> Exercise directions
Would you repeat exactly the part of the listing below that runs from the line containing "Ce col - mini" down to the line containing "- López-Rodríguez ML, Morcillo", inclusive, and nothing else?

> The input
_ _ _ _

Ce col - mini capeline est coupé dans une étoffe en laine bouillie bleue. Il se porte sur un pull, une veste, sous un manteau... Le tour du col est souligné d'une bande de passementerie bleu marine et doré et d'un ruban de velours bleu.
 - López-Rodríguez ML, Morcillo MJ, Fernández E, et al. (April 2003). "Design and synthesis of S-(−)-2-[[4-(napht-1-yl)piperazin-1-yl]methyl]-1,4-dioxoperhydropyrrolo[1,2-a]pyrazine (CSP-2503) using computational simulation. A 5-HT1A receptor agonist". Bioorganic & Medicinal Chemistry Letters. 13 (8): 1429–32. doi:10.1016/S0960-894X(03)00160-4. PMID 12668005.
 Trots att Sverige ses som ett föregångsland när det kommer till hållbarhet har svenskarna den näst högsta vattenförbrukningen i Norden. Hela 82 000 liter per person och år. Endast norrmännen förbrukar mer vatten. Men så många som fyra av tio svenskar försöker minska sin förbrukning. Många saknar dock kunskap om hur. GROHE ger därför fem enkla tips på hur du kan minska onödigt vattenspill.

_ _ _ _

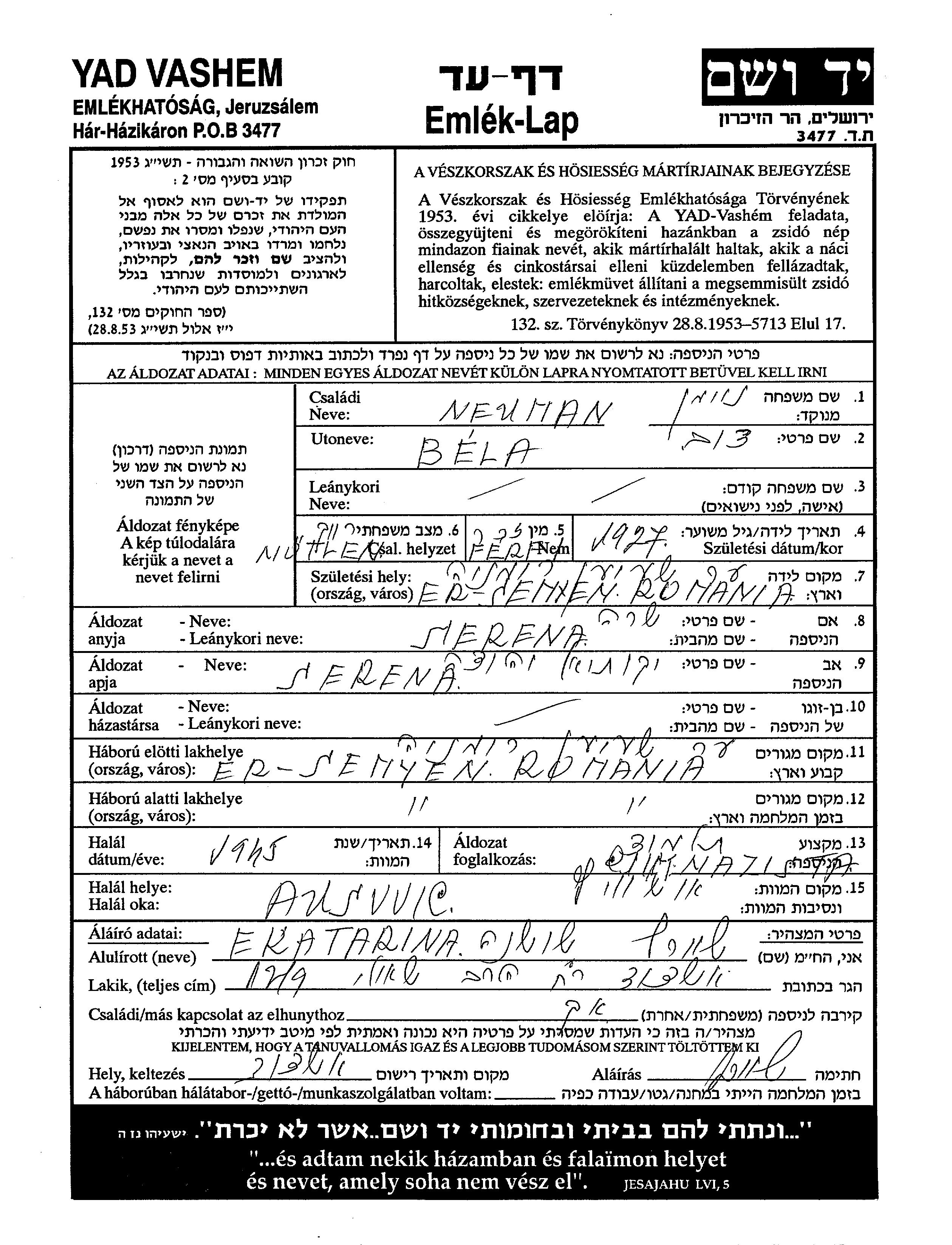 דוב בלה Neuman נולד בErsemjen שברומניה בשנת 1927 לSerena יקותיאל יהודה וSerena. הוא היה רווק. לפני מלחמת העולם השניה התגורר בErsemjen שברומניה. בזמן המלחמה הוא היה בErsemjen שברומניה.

_ _ _ _

> Solution for this problem
Ce col - mini capeline est coupé dans une étoffe en laine bouillie bleue. Il se porte sur un pull, une veste, sous un manteau... Le tour du col est souligné d'une bande de passementerie bleu marine et doré et d'un ruban de velours bleu.
 - López-Rodríguez ML, Morcillo MJ, Fernández E, et al. (April 2003). "Design and synthesis of S-(−)-2-[[4-(napht-1-yl)piperazin-1-yl]methyl]-1,4-dioxoperhydropyrrolo[1,2-a]pyrazine (CSP-2503) using computational simulation. A 5-HT1A receptor agonist". Bioorganic & Medicinal Chemistry Letters. 13 (8): 1429–32. doi:10.1016/S0960-894X(03)00160-4. PMID 12668005.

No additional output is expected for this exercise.